■ **Given records**:

↓↓↓

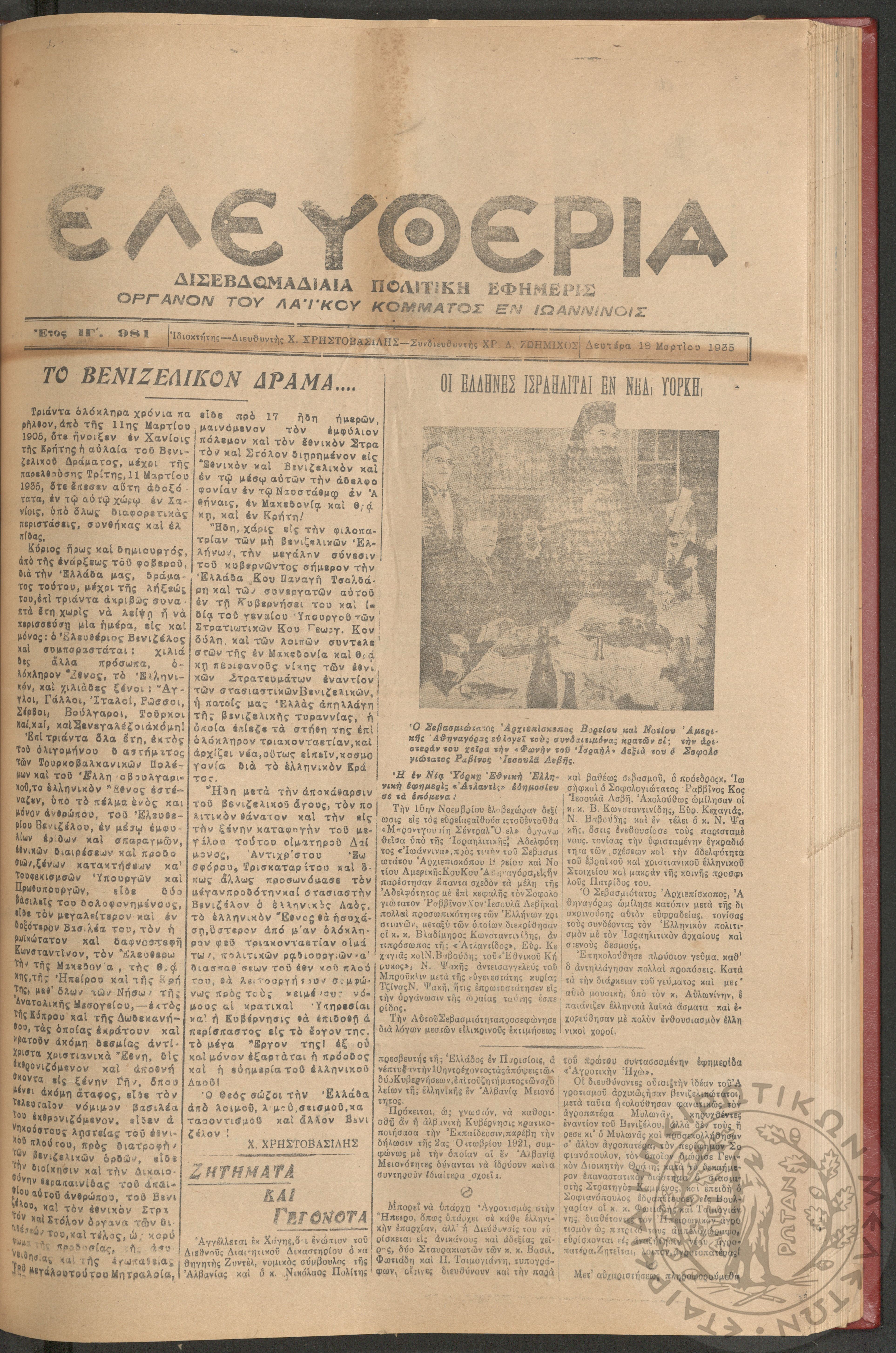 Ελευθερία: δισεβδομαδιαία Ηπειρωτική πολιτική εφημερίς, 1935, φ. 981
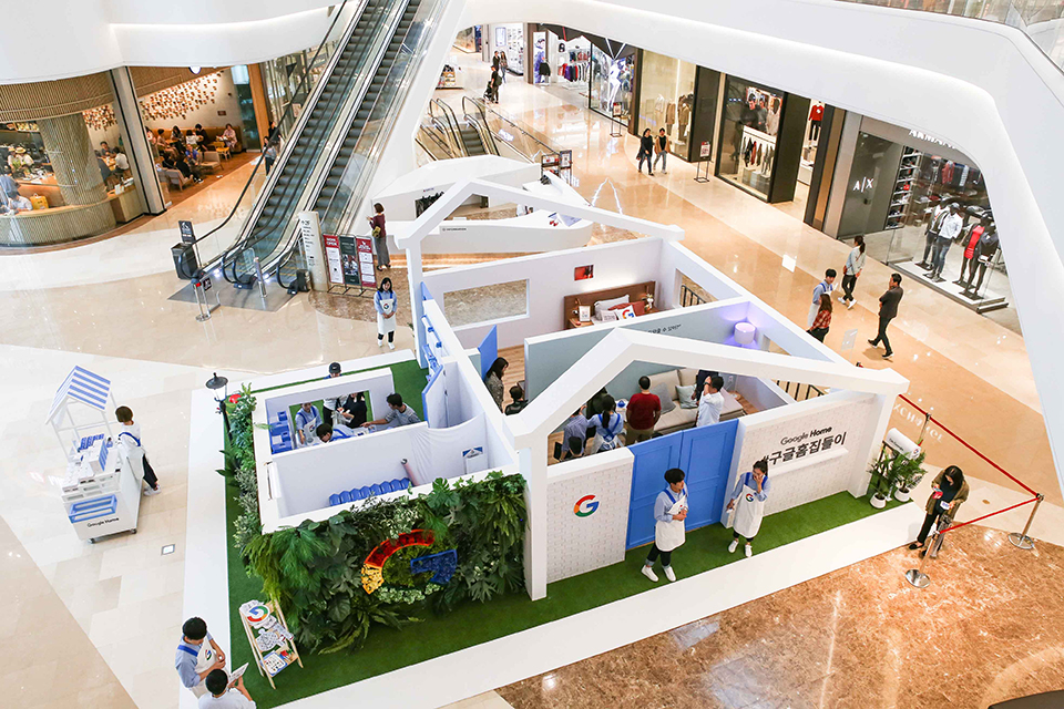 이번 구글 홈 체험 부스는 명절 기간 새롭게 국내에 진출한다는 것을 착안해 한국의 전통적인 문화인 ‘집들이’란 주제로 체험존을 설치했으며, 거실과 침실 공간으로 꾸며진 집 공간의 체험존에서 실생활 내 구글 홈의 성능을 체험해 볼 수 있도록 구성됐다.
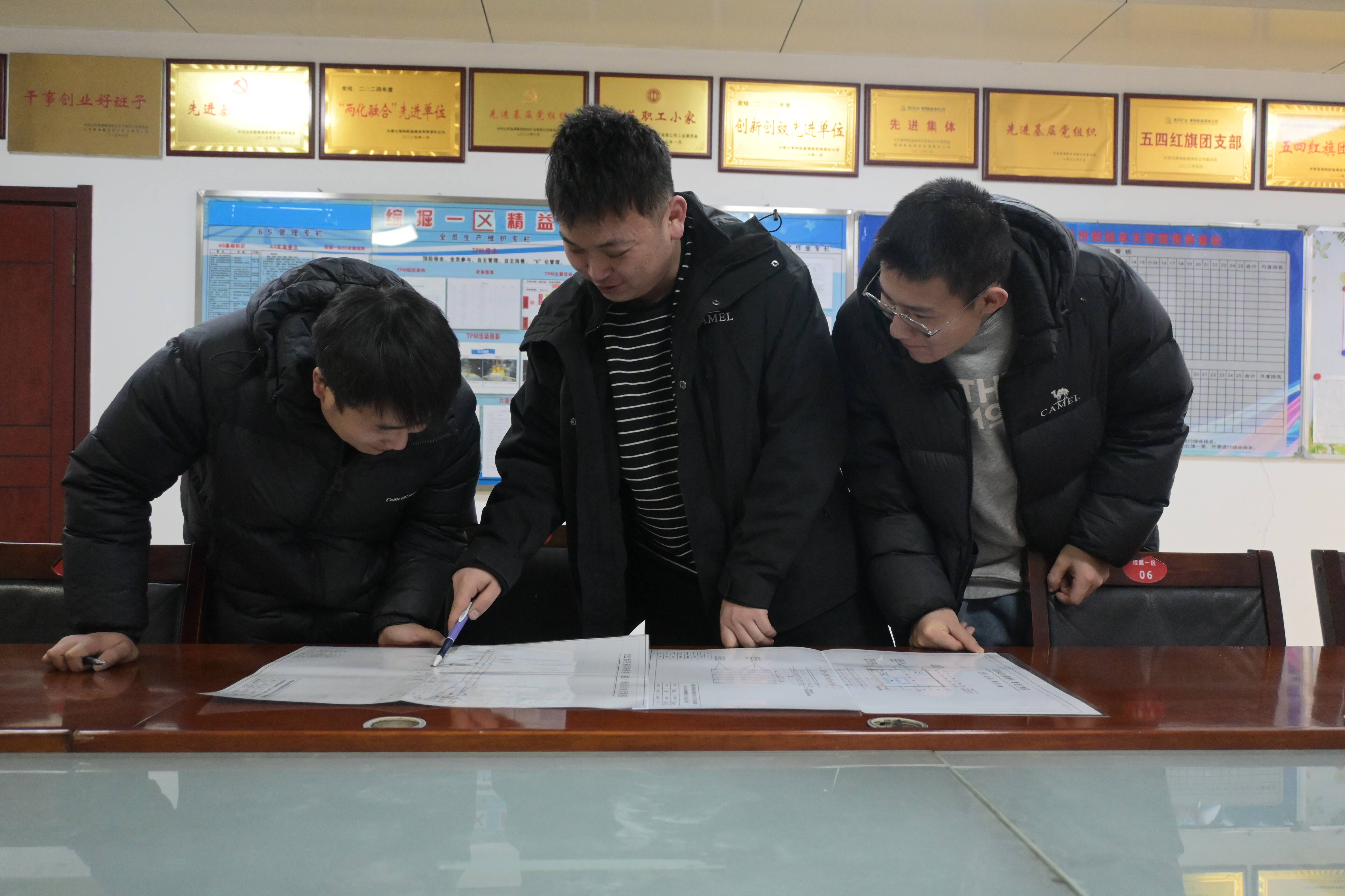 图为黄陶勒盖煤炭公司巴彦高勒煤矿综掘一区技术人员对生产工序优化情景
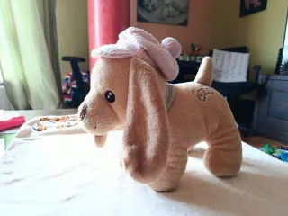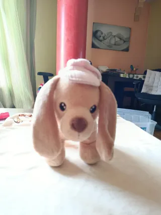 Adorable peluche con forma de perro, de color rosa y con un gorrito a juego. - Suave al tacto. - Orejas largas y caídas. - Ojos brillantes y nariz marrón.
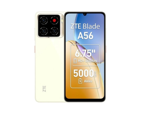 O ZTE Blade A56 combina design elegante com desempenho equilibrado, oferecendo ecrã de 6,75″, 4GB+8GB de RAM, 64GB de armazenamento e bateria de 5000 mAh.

↑↑↑
↓↓↓

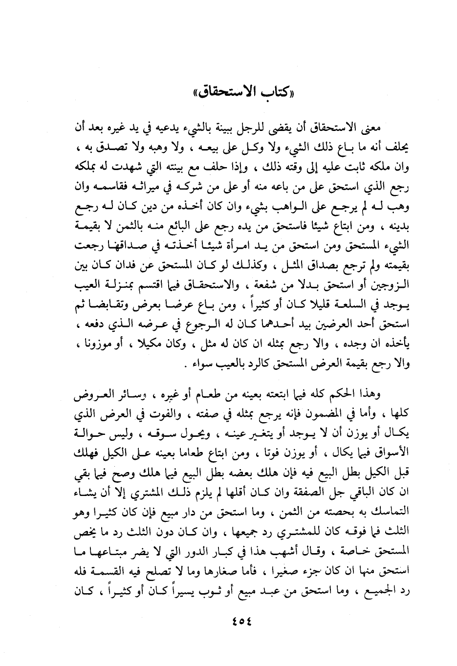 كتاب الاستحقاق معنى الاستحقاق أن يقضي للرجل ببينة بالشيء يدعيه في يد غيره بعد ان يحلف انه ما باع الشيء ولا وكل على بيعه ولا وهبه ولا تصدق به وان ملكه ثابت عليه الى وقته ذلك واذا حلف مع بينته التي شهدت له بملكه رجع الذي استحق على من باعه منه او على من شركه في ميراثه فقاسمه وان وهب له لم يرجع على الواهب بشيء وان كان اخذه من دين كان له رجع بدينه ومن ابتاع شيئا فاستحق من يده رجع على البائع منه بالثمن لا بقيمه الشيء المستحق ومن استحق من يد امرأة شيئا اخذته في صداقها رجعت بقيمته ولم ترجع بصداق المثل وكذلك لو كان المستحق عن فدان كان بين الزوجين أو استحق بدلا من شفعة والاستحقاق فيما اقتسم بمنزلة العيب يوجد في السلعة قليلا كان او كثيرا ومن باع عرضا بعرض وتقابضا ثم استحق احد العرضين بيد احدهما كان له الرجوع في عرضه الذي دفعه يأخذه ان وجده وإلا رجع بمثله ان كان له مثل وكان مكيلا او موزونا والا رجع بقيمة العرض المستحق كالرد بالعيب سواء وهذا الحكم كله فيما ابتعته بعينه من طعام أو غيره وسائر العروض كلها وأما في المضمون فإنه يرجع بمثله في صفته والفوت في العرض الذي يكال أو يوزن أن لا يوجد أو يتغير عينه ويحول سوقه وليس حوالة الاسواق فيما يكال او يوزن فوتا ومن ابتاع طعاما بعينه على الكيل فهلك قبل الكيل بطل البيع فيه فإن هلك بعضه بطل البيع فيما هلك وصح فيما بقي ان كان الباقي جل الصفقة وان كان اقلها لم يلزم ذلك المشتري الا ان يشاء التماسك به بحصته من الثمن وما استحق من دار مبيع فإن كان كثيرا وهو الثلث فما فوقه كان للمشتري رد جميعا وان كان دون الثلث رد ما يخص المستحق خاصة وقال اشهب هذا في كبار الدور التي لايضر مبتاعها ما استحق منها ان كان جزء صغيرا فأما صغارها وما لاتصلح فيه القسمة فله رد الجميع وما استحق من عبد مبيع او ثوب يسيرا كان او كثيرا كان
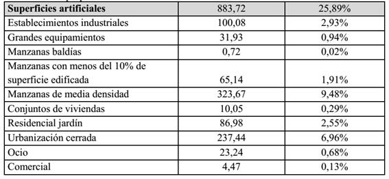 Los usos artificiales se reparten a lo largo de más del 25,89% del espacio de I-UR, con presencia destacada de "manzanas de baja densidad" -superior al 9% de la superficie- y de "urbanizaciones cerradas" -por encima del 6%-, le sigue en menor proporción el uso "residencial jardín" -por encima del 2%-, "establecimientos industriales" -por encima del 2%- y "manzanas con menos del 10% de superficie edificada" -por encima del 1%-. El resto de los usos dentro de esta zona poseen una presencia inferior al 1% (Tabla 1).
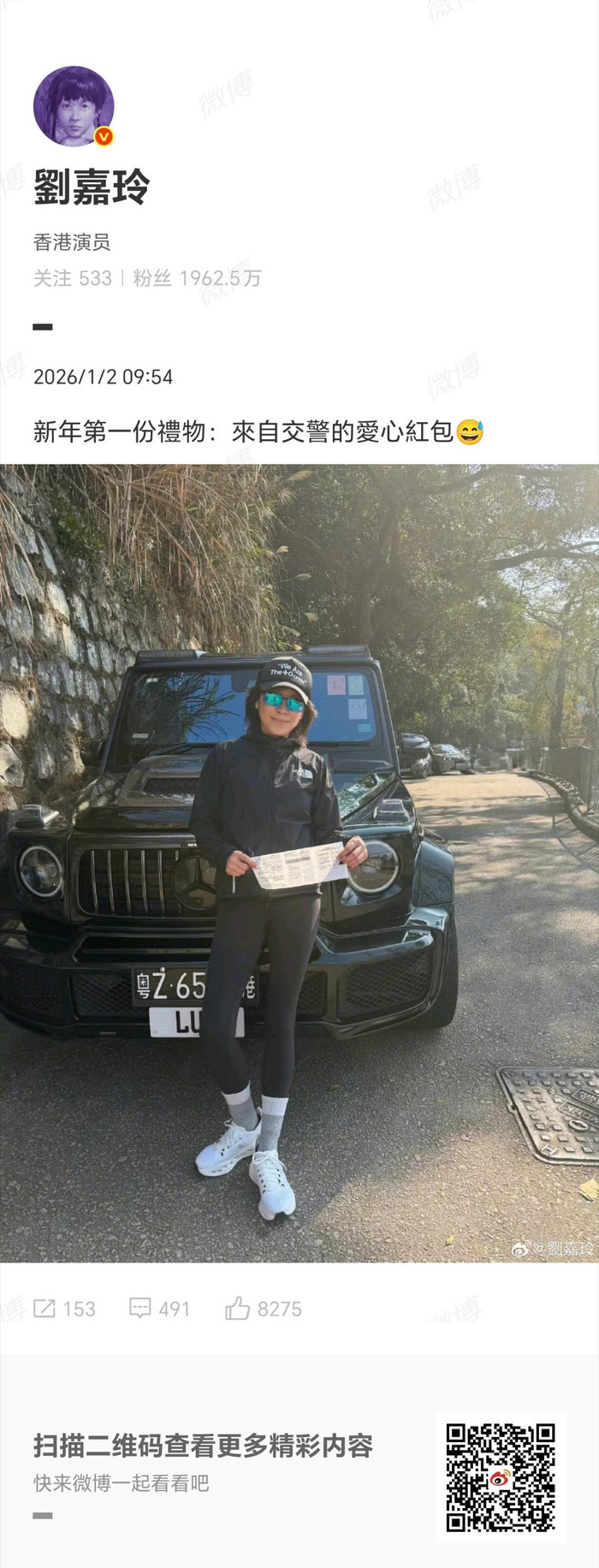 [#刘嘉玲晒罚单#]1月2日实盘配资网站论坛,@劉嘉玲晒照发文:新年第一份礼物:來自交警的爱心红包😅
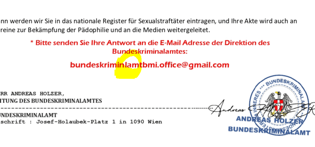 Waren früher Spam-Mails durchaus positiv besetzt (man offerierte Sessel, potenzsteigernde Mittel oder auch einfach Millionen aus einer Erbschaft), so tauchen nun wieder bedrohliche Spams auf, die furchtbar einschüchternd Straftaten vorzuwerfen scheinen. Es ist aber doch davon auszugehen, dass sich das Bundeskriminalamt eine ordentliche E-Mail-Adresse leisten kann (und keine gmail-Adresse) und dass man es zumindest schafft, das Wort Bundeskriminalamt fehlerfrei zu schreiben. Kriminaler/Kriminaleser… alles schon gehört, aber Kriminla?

↑↑↑

■ **Exercise**: Within the material above, find the part that opens with the line containing "Ελευθερία: δισεβδομαδιαία Ηπειρωτική" and closes with the line containing "O ZTE Blade A56 combina", and reproduce it exactly without the pictures.

■ **Solution**:
 Ελευθερία: δισεβδομαδιαία Ηπειρωτική πολιτική εφημερίς, 1935, φ. 981
 이번 구글 홈 체험 부스는 명절 기간 새롭게 국내에 진출한다는 것을 착안해 한국의 전통적인 문화인 ‘집들이’란 주제로 체험존을 설치했으며, 거실과 침실 공간으로 꾸며진 집 공간의 체험존에서 실생활 내 구글 홈의 성능을 체험해 볼 수 있도록 구성됐다.
 图为黄陶勒盖煤炭公司巴彦高勒煤矿综掘一区技术人员对生产工序优化情景
 Adorable peluche con forma de perro, de color rosa y con un gorrito a juego. - Suave al tacto. - Orejas largas y caídas. - Ojos brillantes y nariz marrón.
 O ZTE Blade A56 combina design elegante com desempenho equilibrado, oferecendo ecrã de 6,75″, 4GB+8GB de RAM, 64GB de armazenamento e bateria de 5000 mAh.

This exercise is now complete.